Oral Nicardipine Versus Intravenous Ritodrine for the Treatment of Preterm Labor.
- Author:
Tae Bok SONG
1
;
Yoon Ha KIM
;
Jin CHOI
;
Woo Dai KANG
;
Yoon Sang OH
;
Myoung Seon KANG
;
Moon Kyoung CHO
Author Information
1. Department of Obstetrics and Gynecology, Chonnam National University Medical School, Korea.
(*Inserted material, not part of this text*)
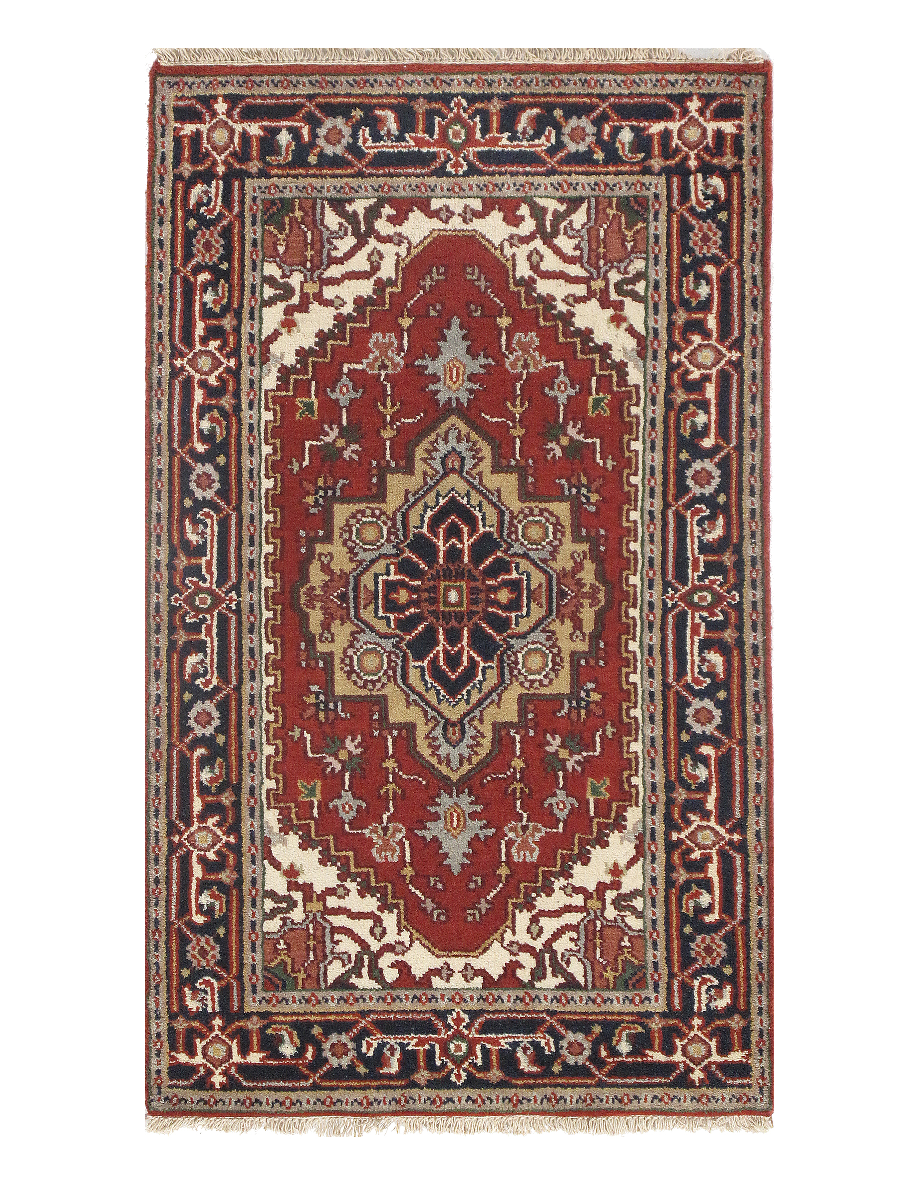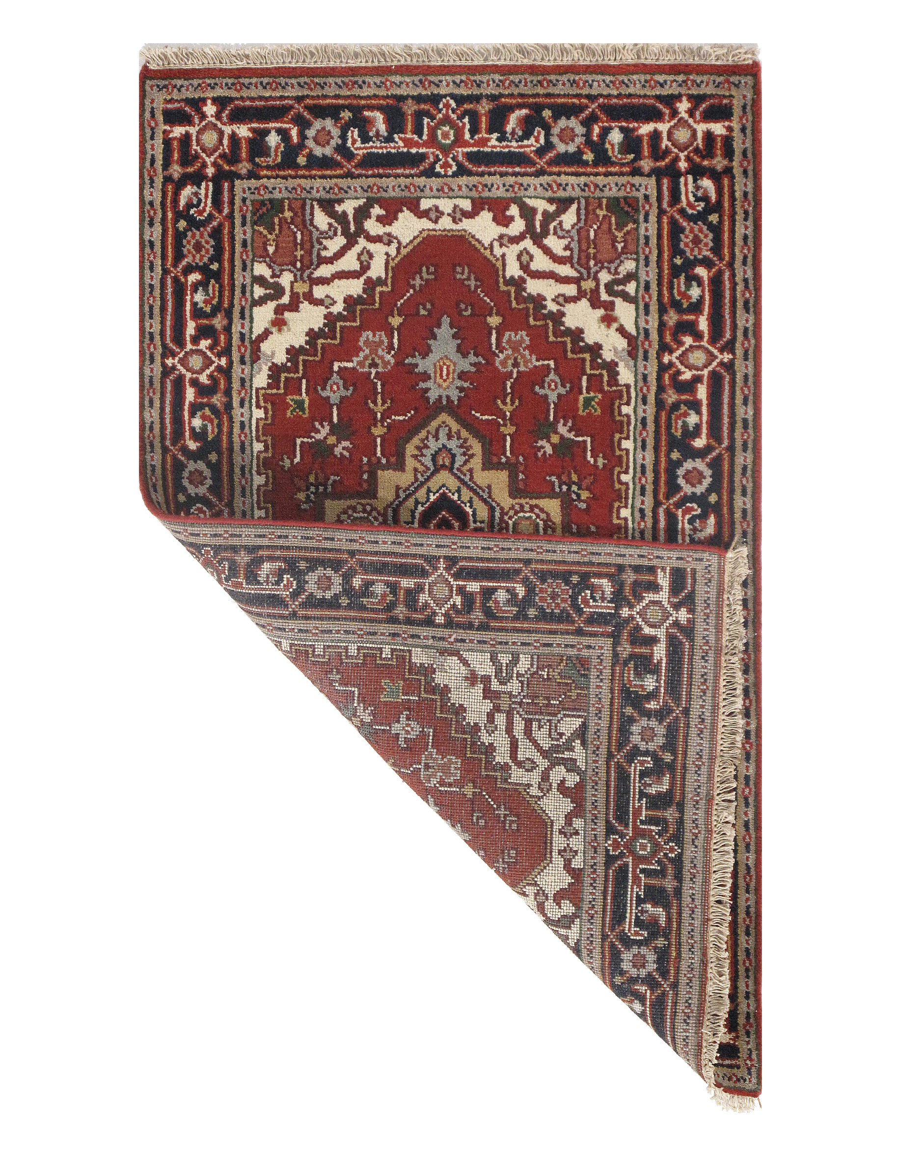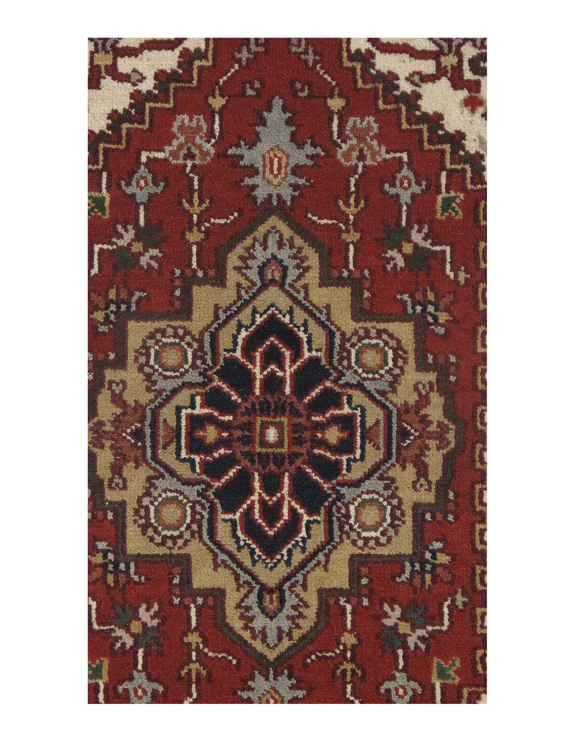 Indo Serapi design rug. Handmade Hand-knotted in fine lambswool. Lamb's Wool on a Cotton Foundation Vegetable Dyed Hand-Spun Wool Rug The Serapi Rug is one of the most sought after rugs particularly in the USA and England for many years. No other rug so epitomizes the "East Coast Establishment" than the Serapi carpet This rug has a dense, soft pile, and excellent quality, to ensure that you will enjoy the look and feel of your rug for years to come

- Publication Type:Original Article ; Randomized Controlled Trial
- Keywords:
Preterm labor;
nicardipine;
ritodrine hydrochloride
- MeSH:
Female;
Humans;
Nausea;
Nicardipine*;
Obstetric Labor, Premature*;
Pregnancy;
Ritodrine*;
Tachycardia;
Tocolysis;
Uterine Contraction;
Vomiting
- From:Korean Journal of Obstetrics and Gynecology
2002;45(12):2153-2157
- CountryRepublic of Korea
- Language:Korean
-
Abstract:
OBJECTIVE: This study was conducted to compare the efficacy and safety of oral nicardipine in acute therapy for preterm labor with those of parenteral ritodrine hydrochloride. METHODS: Patients between 24 and 34 weeks' gestation with documented preterm labor were randomly assigned to receive oral nicardipine (n=31) or intravenous ritodrine (n=32) as initial tocolytic therapy. Patients in the nicardipine group received a 40-mg loading dose and then 20 mg every 2 hours as needed to stop contractions (total 80 mg). Patients in the ritodrine group received a 0.05 mg/min as initial dose. The dose was increased at 15-minute intervals until uterine contractions were inhibited or side effects became intolerable. The maximum recommended dose was 0.35 mg/min. Patients could be switched to another tocolytic regimen if they continued to have contractions after 6 hours of therapy. The main outcome variables examined were failure of tocolysis, time to uterine contractions equal or less than 5 times per hour, time to uterine quiescence, time gained in utero, and frequency of adverse medication effects. RESULTS: There were no significant differences in maternal demographic characteristics between the groups. Successful tocolysis, defined as cessation of uterine contractons less than 6 hours from initial dose, was observed in 58.1% in the nicardipine group and 65.6% in the ritodrine group (P=.544). Among patients with successful tocolysis who responded with uterine quiescence within 6 hours, there was no significant difference in the time to uterine quiescence in the ritodrine group (P=.087). Time to uterine contractions equal or less than 5 times per hour from initial treatment showed no significant difference between the two groups with successful tocolysis (P=.097). The patients in the ritodrine hydrochloride group had more adverse side effects, mainly maternal tachycardia (P=.013) and nausea and/or vomiting (P=.006). CONCLUSION: Oral nicardipine was effective, safe, and well-tolerated tocolytic agent. Patients who received ritodrine hydrochloride were more likely to have adverse medication effects.